* [Information given]
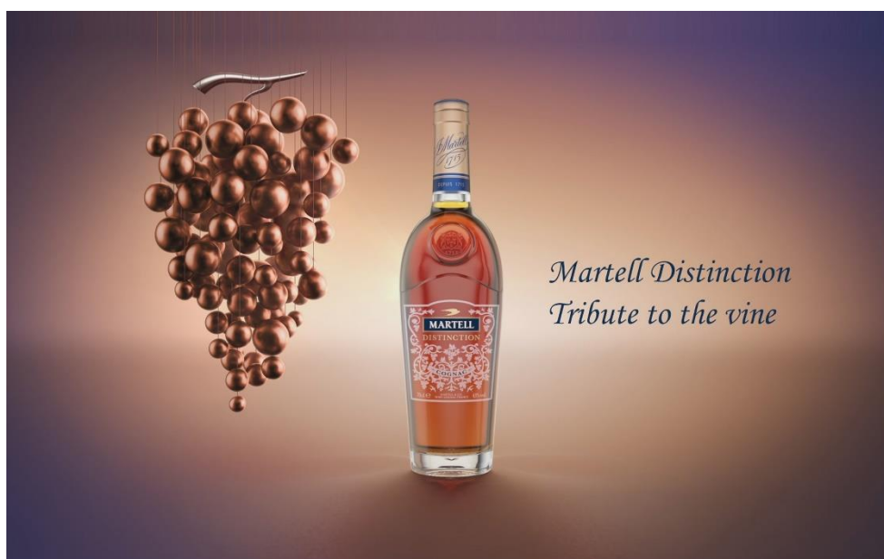
Reveal product - Martell
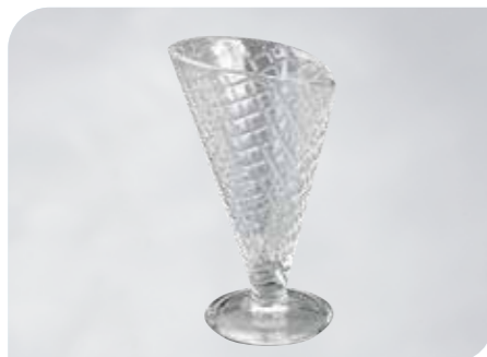
Gelato Art.-Nr. 37 100 Größe: H 17 cm, Ø 9,5 cm VE: 12 Stück à 210 ml Preis: € 29,00
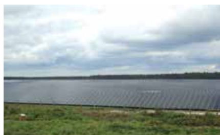
Ferme solaire de Losse

Depuis le bourg de Losse, un sentier de randonnée balisé vous mènera jusqu'à la source à la limite des quartiers de Lussolle et de Bergonce. Vous rencontrerez au passage un four restauré, un petit oratoire. Une croix de pierre posée sur un socle sculpté en 1895 indique ensuite la direction des trois sources dédiées à Saint-Georges et dont les vertus soulageaient bien des maux.
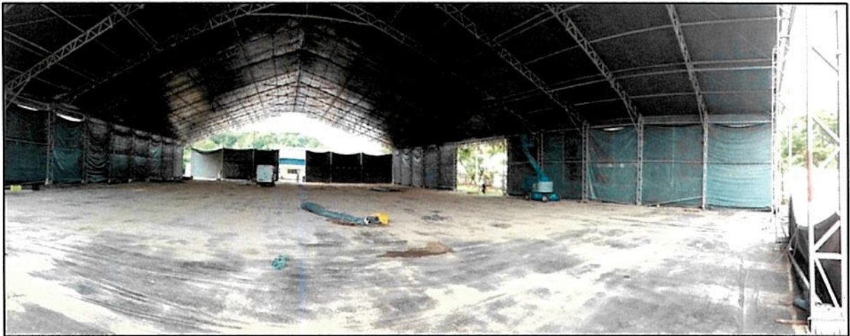
Figura 7 - Finalizado a montagem das lonas da cobertura e Iniciado a montagem das lonas da lateral – Data: 24.02/2016.

* [Work required]
Where does the string "Losse" appear in the records above? Show every line that holds it.

* [Written reply]
Ferme solaire de Losse
Depuis le bourg de Losse, un sentier de randonnée balisé vous mènera jusqu'à la source à la limite des quartiers de Lussolle et de Bergonce. Vous rencontrerez au passage un four restauré, un petit oratoire. Une croix de pierre posée sur un socle sculpté en 1895 indique ensuite la direction des trois sources dédiées à Saint-Georges et dont les vertus soulageaient bien des maux.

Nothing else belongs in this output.